Wracając do czołgu. Chłopcy walczyli w obronie zamku króla Zygmunta, to byli bohaterowie. Jak potem opowiadali, była to walka bohaterska, bo z Mariensztatu do placu Zamkowego sunęły czołgi. Nie mieli tak dużo broni jak Niemcy. Niemcy mieli samochody pancerne, czołgi. Z Mariensztatu sunęli do placu Zamkowego. Była barykada na Ślepej, naprzeciwko zamku. Na barykadzie bohatersko walczyli. Nie ma chyba takiego kraju na świecie, żeby tak walczyć, jak ci chłopcy walczyli. Już na końcu, jak musieli się z zamku zsunąć po gruzach, bo już była ruina zamku, już nie było schodów, musieli odejść z barykady, Niemcy oddali czołg. Dla [chłopców] to była zdobycz, która nam pomoże bronić Starówki. Z entuzjazmem czołg przyjęli. Czołg sunął ulicą Podwale, wszyscy z ogromnym entuzjazmem, chłopcy byli koło czołgu cały czas. Jeszcze czołg sunął, a wybuchł na Kilińskiego, gdzie jeszcze mało, że było chłopców pełno naokoło, to jeszcze stali w oknach z powitaniem czołgu. Chłopcy pospadali z okien. Nie wszystkich się dało uratować, niektórzy mieli nawet amputowane nogi czy inne poważne rany, ale niektórzy zginęli.

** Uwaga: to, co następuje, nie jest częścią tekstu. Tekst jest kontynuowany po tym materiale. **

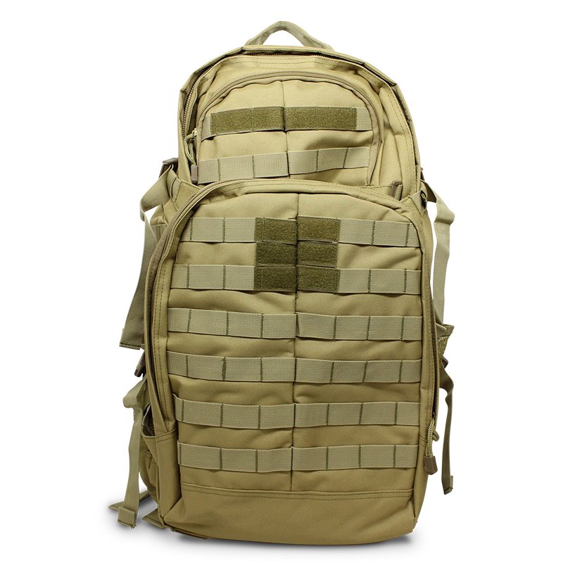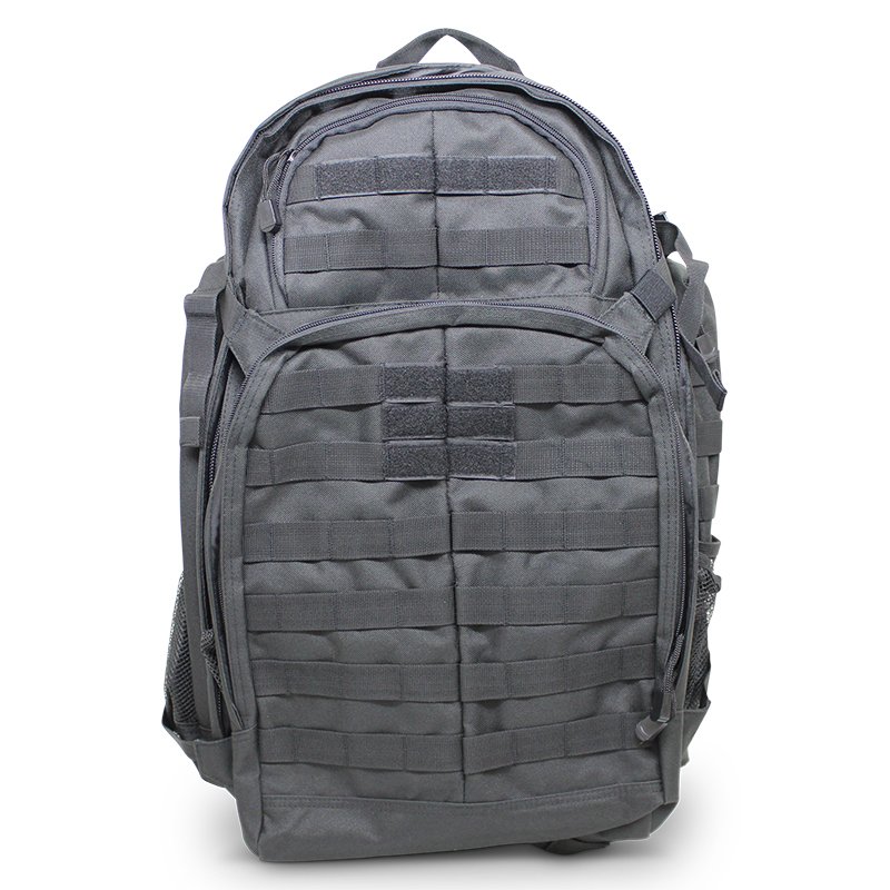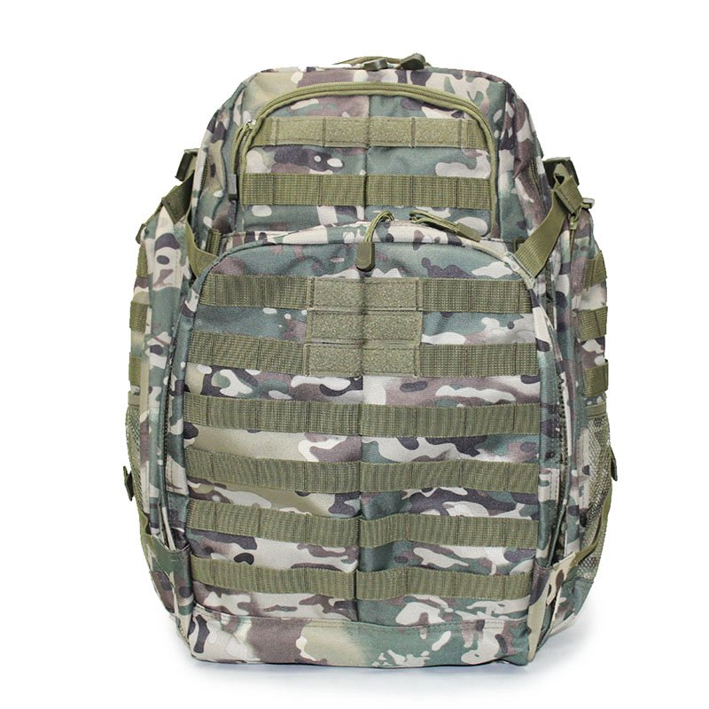 The large compartment on the front has two mesh zippered compartments, one large zippered compartment, size open pockets of various sizes and three pen holders and two clips. It also features a helmet carrier. The front and sides of the bag each feature molle for attaching additional pouches as needed or desired.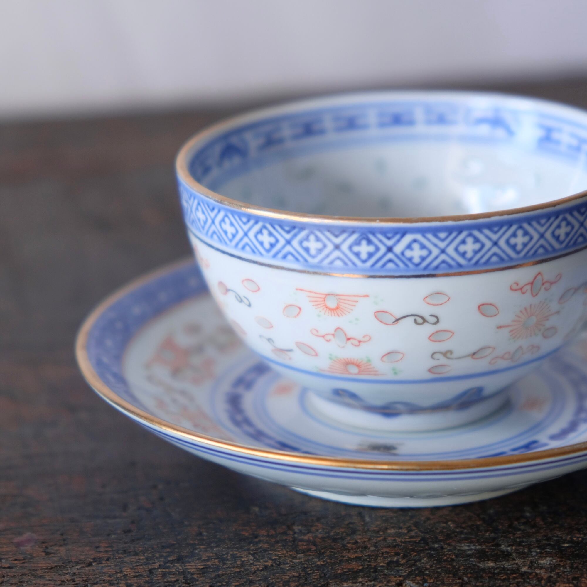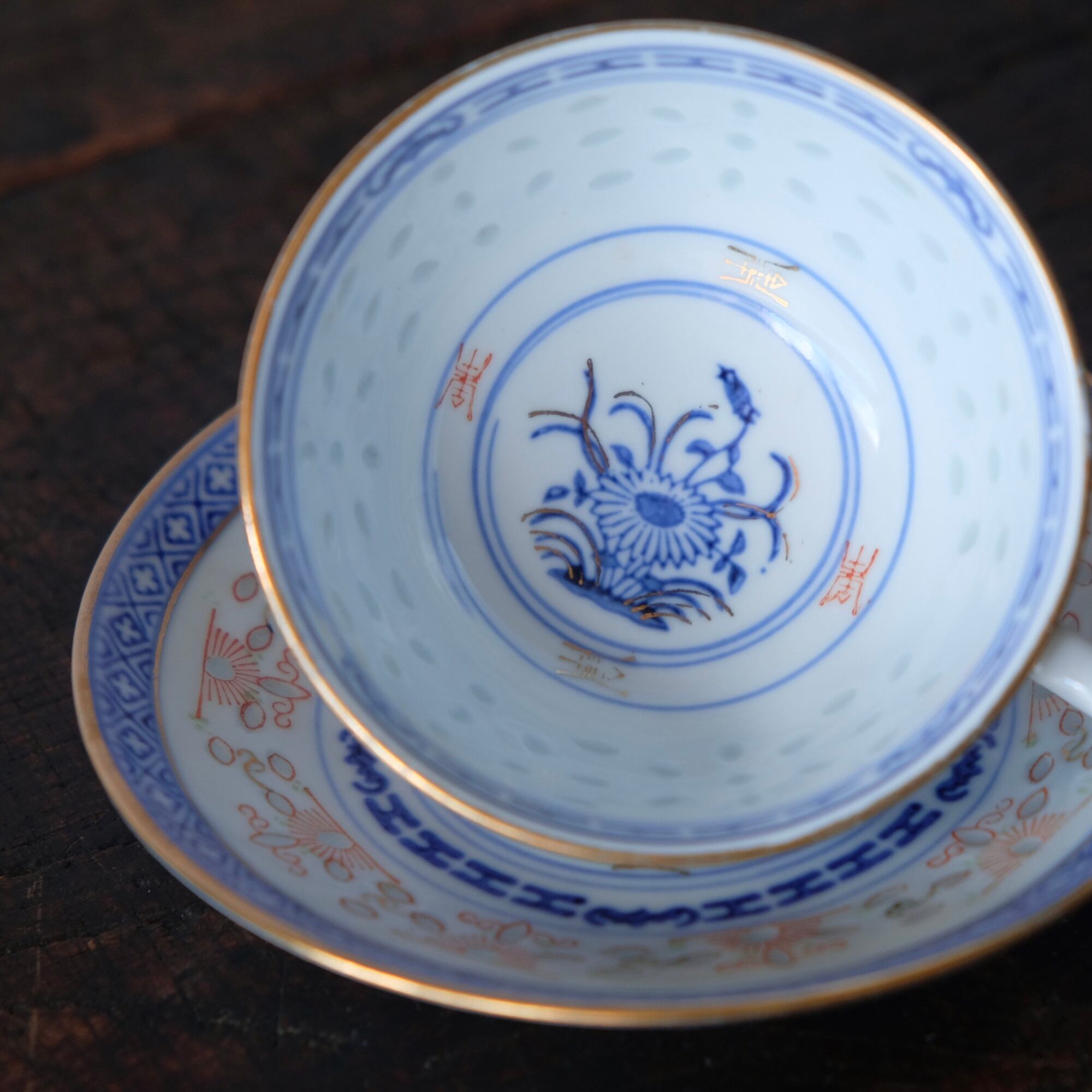 チャイナレトロで可愛い◇見込みに青花。中国景徳鎮 赤絵金彩蛍焼 カップ&ソーサー 蝙蝠 漢字 茶器

  • Czy pani pamięta swoje pierwsze wrażenia w szpitalu, kiedy ranni trafili do pani? Młoda dziewczyna, nastolatka, nagle tyle cierpienia wokół ogląda.

Nie był już dla mnie taki wstrząs ogromny, bo największy wstrząs był dla mnie w naszym domu na Żytniej, kiedy przynieśli tak ciężko ranną kobietę. Ona opowiadała, co widziała, jaką egzekucję widziała, jakim cudem się wydostała z tej egzekucji. W jej oczach Niemcy… To nie byli Niemcy, nazywali się „własowcy”. Większość z nich to byli „ukraińcy”, którym Hitler obiecał wolność za współudział w mordowaniu Polaków. To był dla mnie wstrząs, ale taki, że nie można się było nad tym zastanawiać, dlatego że łuny pożarów mobilizowały, żeby uciekać, żeby się ratować. W mojej mowie była myśl, że to jest straszna tragedia. Jednak w jakiejś części mojego myślenia była wiara, że zwyciężymy, że to są ofiary wojny, że będziemy mieli wolną Polskę. Tym bardziej że dochodziły głosy, że to nie będzie długo, bo Rosjanie są na Pradze, są u brzegu Wisły. Jeszcze nikt nie wiedział, bo przecież była radiostacja, była komunikacja z Londynem. Dopiero później nam orzekli na Starówce, że Stalin wydał rozkaz. To było między 5 a 8 sierpnia, jeszcze przed czołgiem. Tylko że dowiedziałam się o tym już pod koniec sierpnia, ktoś nam to oznajmił. Może wcześniej wiedzieli. Stalin wydał rozkaz, nie ruszać się od Wisły, dopóki nie zginie cała Warszawa.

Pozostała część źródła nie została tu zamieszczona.